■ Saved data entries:
——

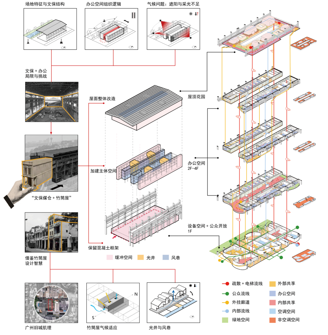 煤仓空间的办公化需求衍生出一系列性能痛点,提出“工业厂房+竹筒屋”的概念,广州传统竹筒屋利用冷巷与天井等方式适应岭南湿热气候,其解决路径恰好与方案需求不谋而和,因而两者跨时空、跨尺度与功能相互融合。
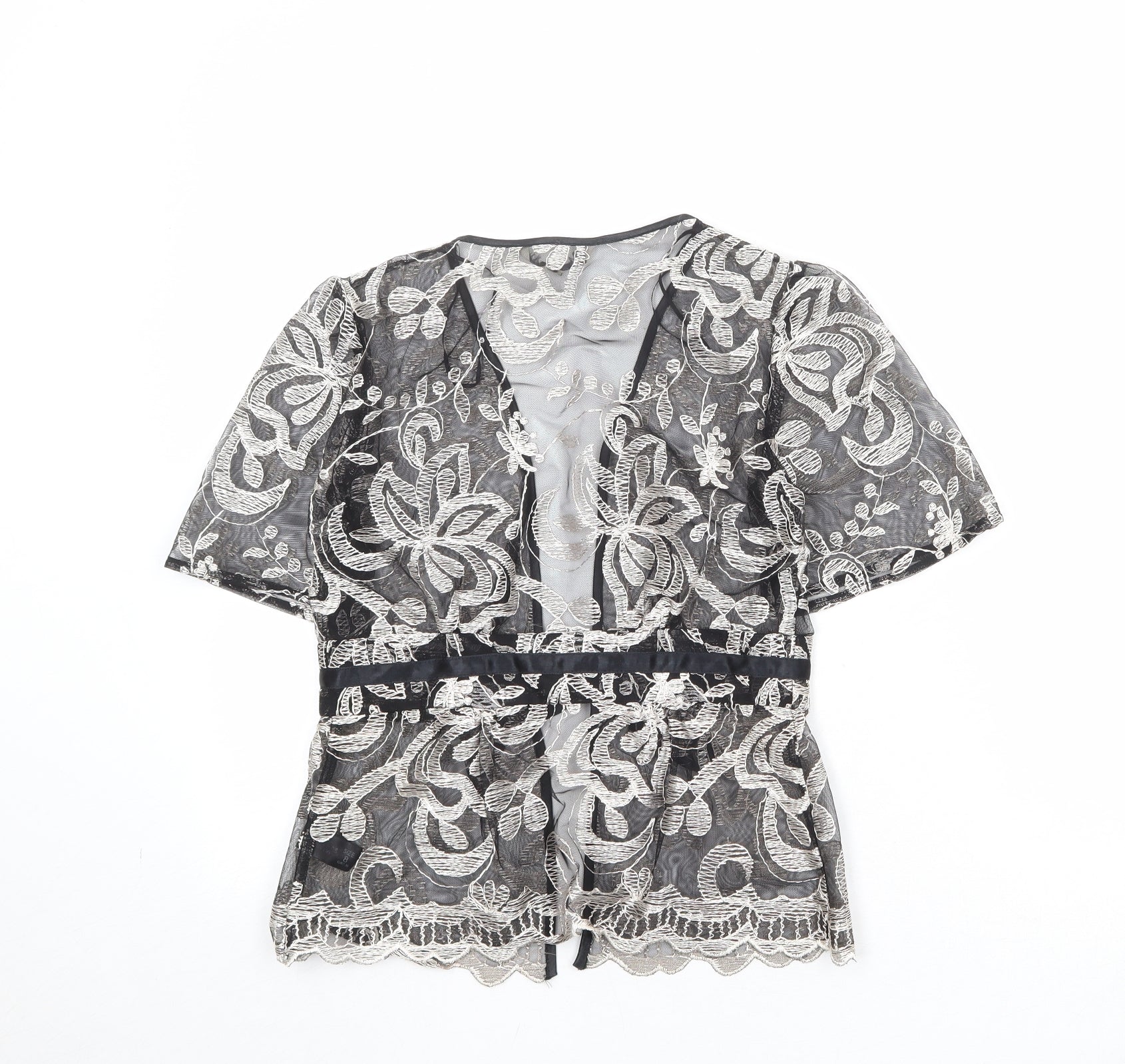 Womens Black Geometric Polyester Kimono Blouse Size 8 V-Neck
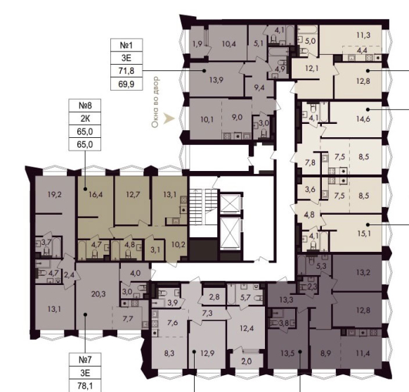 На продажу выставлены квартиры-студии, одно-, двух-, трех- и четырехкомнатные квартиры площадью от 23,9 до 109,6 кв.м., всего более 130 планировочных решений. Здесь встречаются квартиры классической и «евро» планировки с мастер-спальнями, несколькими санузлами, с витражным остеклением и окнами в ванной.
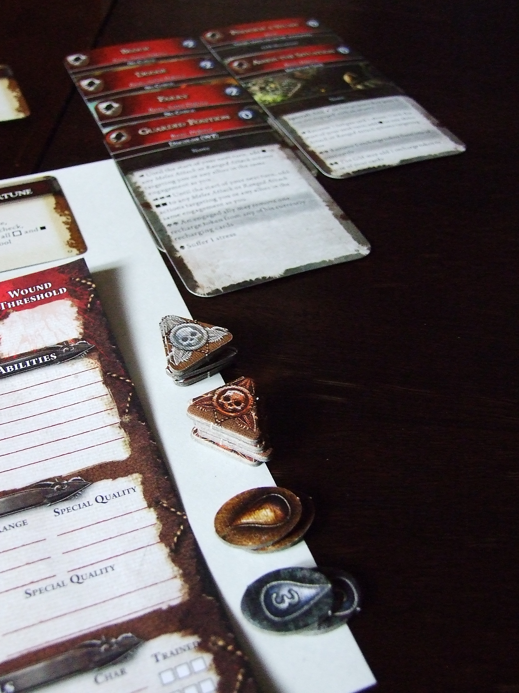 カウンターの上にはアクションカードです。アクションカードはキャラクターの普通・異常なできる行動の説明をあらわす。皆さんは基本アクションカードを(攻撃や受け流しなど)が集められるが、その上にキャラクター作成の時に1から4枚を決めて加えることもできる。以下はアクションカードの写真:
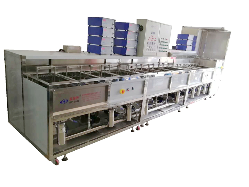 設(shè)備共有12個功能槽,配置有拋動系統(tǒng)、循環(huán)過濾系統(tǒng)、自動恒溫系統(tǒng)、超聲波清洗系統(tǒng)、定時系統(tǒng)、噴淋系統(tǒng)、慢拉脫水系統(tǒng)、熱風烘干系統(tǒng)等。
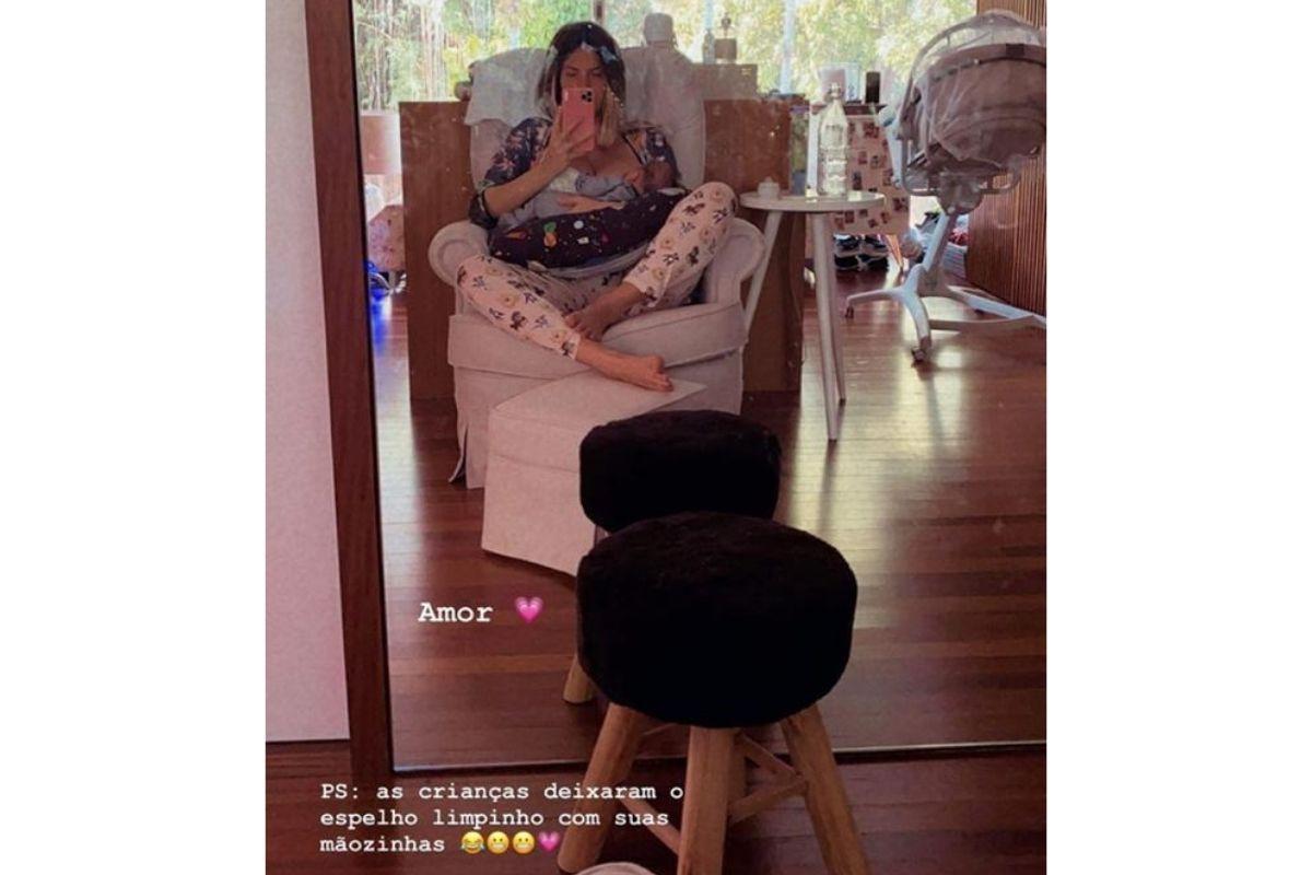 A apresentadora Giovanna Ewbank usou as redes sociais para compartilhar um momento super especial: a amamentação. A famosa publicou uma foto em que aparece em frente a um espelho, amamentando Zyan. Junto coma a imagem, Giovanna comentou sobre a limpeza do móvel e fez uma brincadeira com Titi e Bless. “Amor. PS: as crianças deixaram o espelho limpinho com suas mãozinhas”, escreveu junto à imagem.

——

Please reproduce the data above word for word, skipping all images.

■ Answer space:
 煤仓空间的办公化需求衍生出一系列性能痛点,提出“工业厂房+竹筒屋”的概念,广州传统竹筒屋利用冷巷与天井等方式适应岭南湿热气候,其解决路径恰好与方案需求不谋而和,因而两者跨时空、跨尺度与功能相互融合。
 Womens Black Geometric Polyester Kimono Blouse Size 8 V-Neck
 На продажу выставлены квартиры-студии, одно-, двух-, трех- и четырехкомнатные квартиры площадью от 23,9 до 109,6 кв.м., всего более 130 планировочных решений. Здесь встречаются квартиры классической и «евро» планировки с мастер-спальнями, несколькими санузлами, с витражным остеклением и окнами в ванной.
 カウンターの上にはアクションカードです。アクションカードはキャラクターの普通・異常なできる行動の説明をあらわす。皆さんは基本アクションカードを(攻撃や受け流しなど)が集められるが、その上にキャラクター作成の時に1から4枚を決めて加えることもできる。以下はアクションカードの写真:
 設(shè)備共有12個功能槽,配置有拋動系統(tǒng)、循環(huán)過濾系統(tǒng)、自動恒溫系統(tǒng)、超聲波清洗系統(tǒng)、定時系統(tǒng)、噴淋系統(tǒng)、慢拉脫水系統(tǒng)、熱風烘干系統(tǒng)等。
 A apresentadora Giovanna Ewbank usou as redes sociais para compartilhar um momento super especial: a amamentação. A famosa publicou uma foto em que aparece em frente a um espelho, amamentando Zyan. Junto coma a imagem, Giovanna comentou sobre a limpeza do móvel e fez uma brincadeira com Titi e Bless. “Amor. PS: as crianças deixaram o espelho limpinho com suas mãozinhas”, escreveu junto à imagem.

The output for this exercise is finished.